Nikki sleeps through the night. When she was a puppy I'd take her to the potty pad once during the night. Now that she is trained and sleeps in the bed with us she sleeps straight through until 7am, thank goodness!


----------



## almitra (Apr 24, 2009)

:biggrin: Pepper is 8 1/2 mos now, and we got her at 12 weeks. She began staying dry all night at 4 1/2 mos. Now she goes to bed at 8pm and sleeps til we get up 6:30-7:30 am. She is exclusively trained to outside only, no pee pee pads. During the day, however, she doesn't want to wait over 8 hours at a stretch.


----------



## beckybc03 (Jul 6, 2006)

Lilly definitely can sleep through the night without needing to potty. I like to sleep in late on the weekends...sometimes until noon....and Lilly is fine. On a normal night she never uses her pad but sometimes when I sleep in late she will "ask" to be put down so she can go. She probably started making it through the night around 6-8 months of age. 

I think that pee pad training helps with this issue. When Lilly was a puppy, and before she slept in my bed, I gated her in my kitchen with a pee pad so she could go when she needed to. It is very convenient!!


----------



## CarolynAnn (Apr 14, 2009)

QUOTE (almitra @ Sep 29 2009, 07:51 PM) index.php?act=findpost&pid=835232


> :biggrin: Pepper is 8 1/2 mos now, and we got her at 12 weeks. She began staying dry all night at 4 1/2 mos. Now she goes to bed at 8pm and sleeps til we get up 6:30-7:30 am. She is exclusively trained to outside only, no pee pee pads. During the day, however, she doesn't want to wait over 8 hours at a stretch.[/B]

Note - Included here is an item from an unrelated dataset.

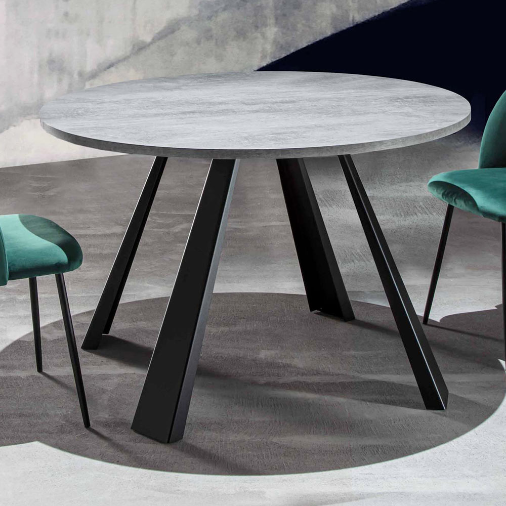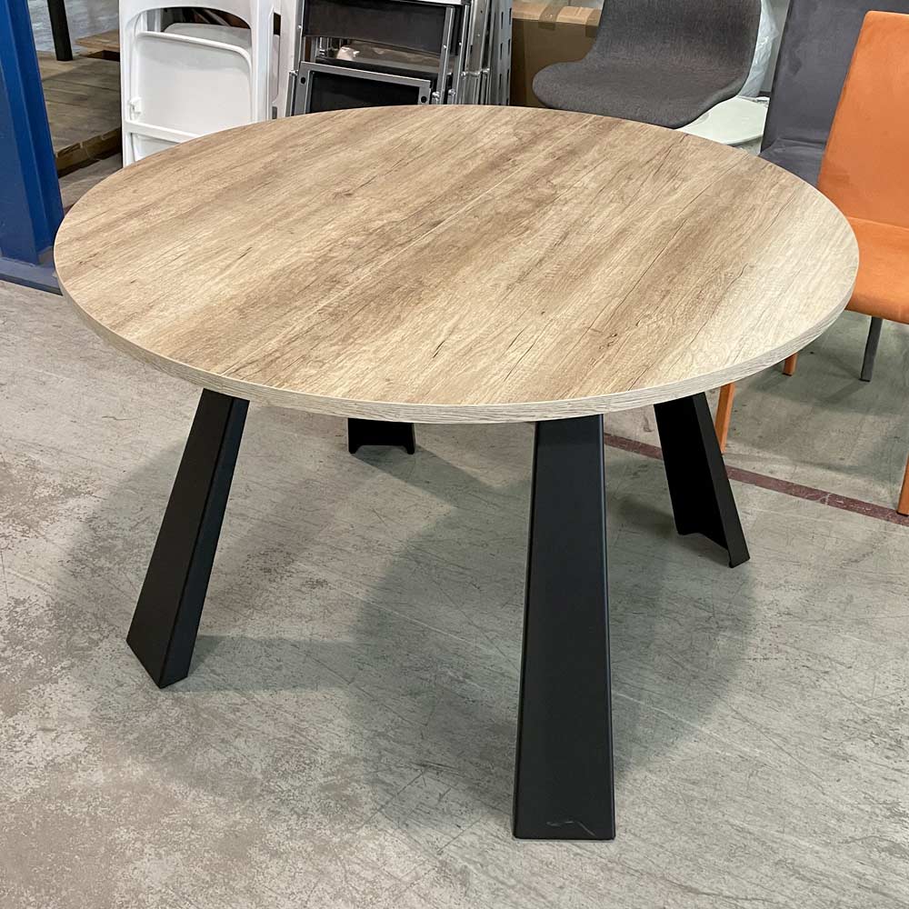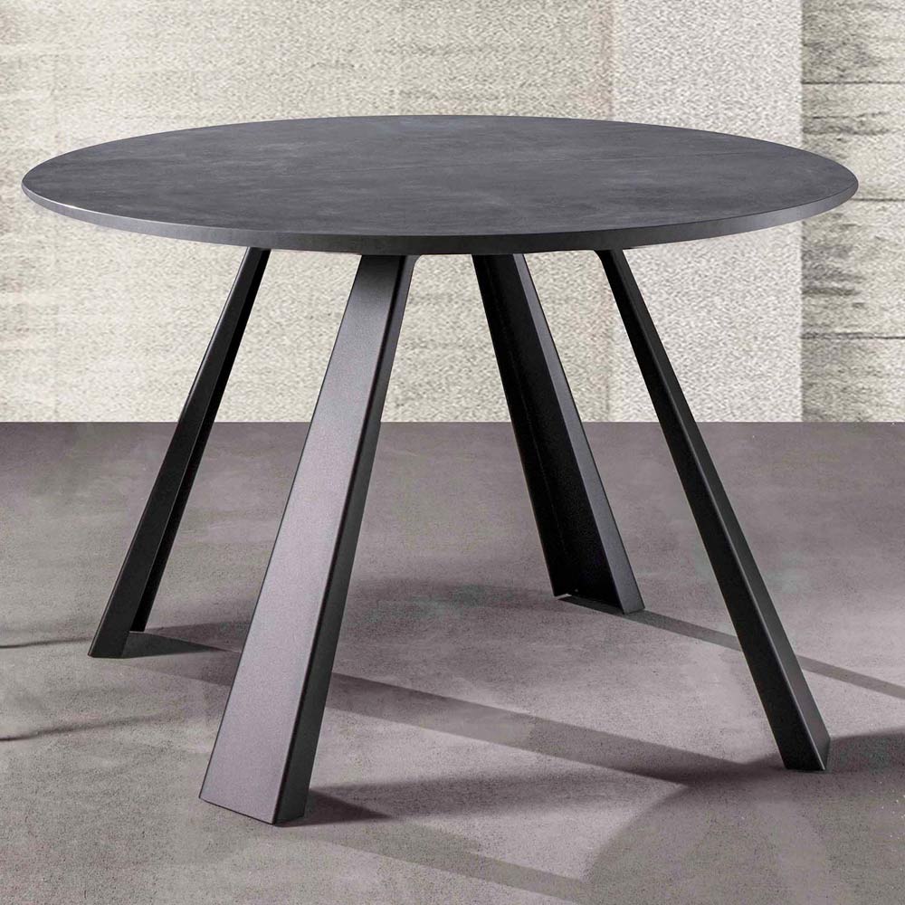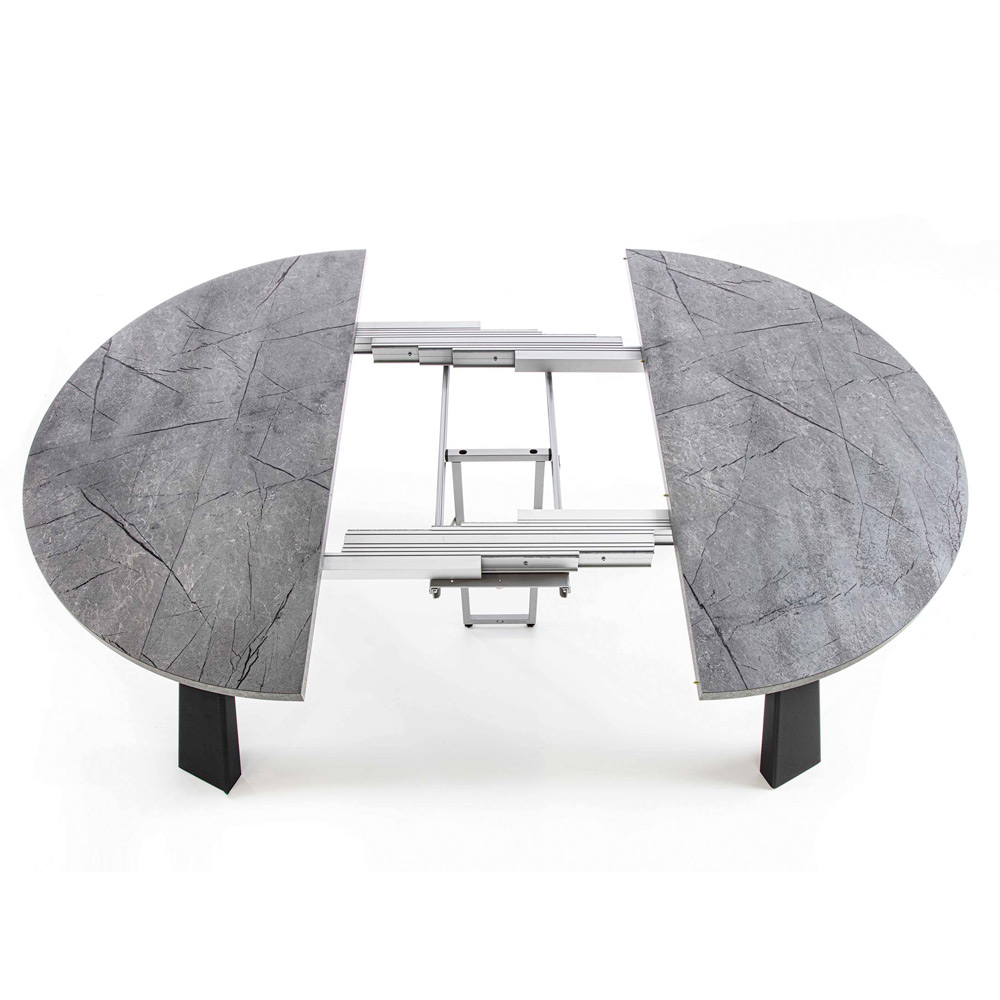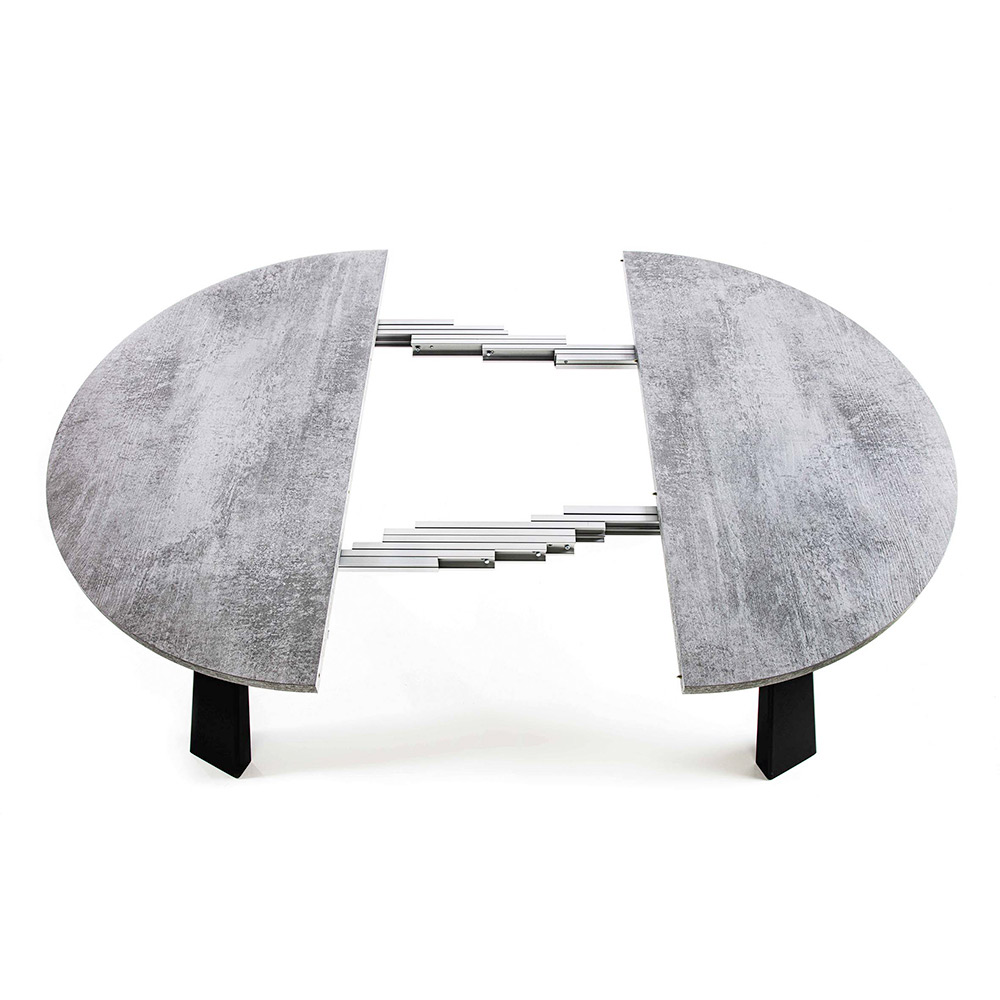 Runder Esstisch ausziehbar bis 370 cm aus Melaminholz und Metall.

We had the same experience with our little boy. Rocky sleeps in a crate in our bedroom and has been sleeping all night since about 4 months old. I go to bed early (10pm) and my husband later (1-2am). At first I was worried that I might sleep through his asking to go out, but my husband verified that Rocky doesn't make a peep after we go to bed. He occasionally will scratch at his door about 7 am, but will sleep later most of the time. Once we're up, though, better get him outdoors ASAP


----------



## Maglily (Feb 3, 2009)

Mine does and has since he was 4 months old (when I got him).


----------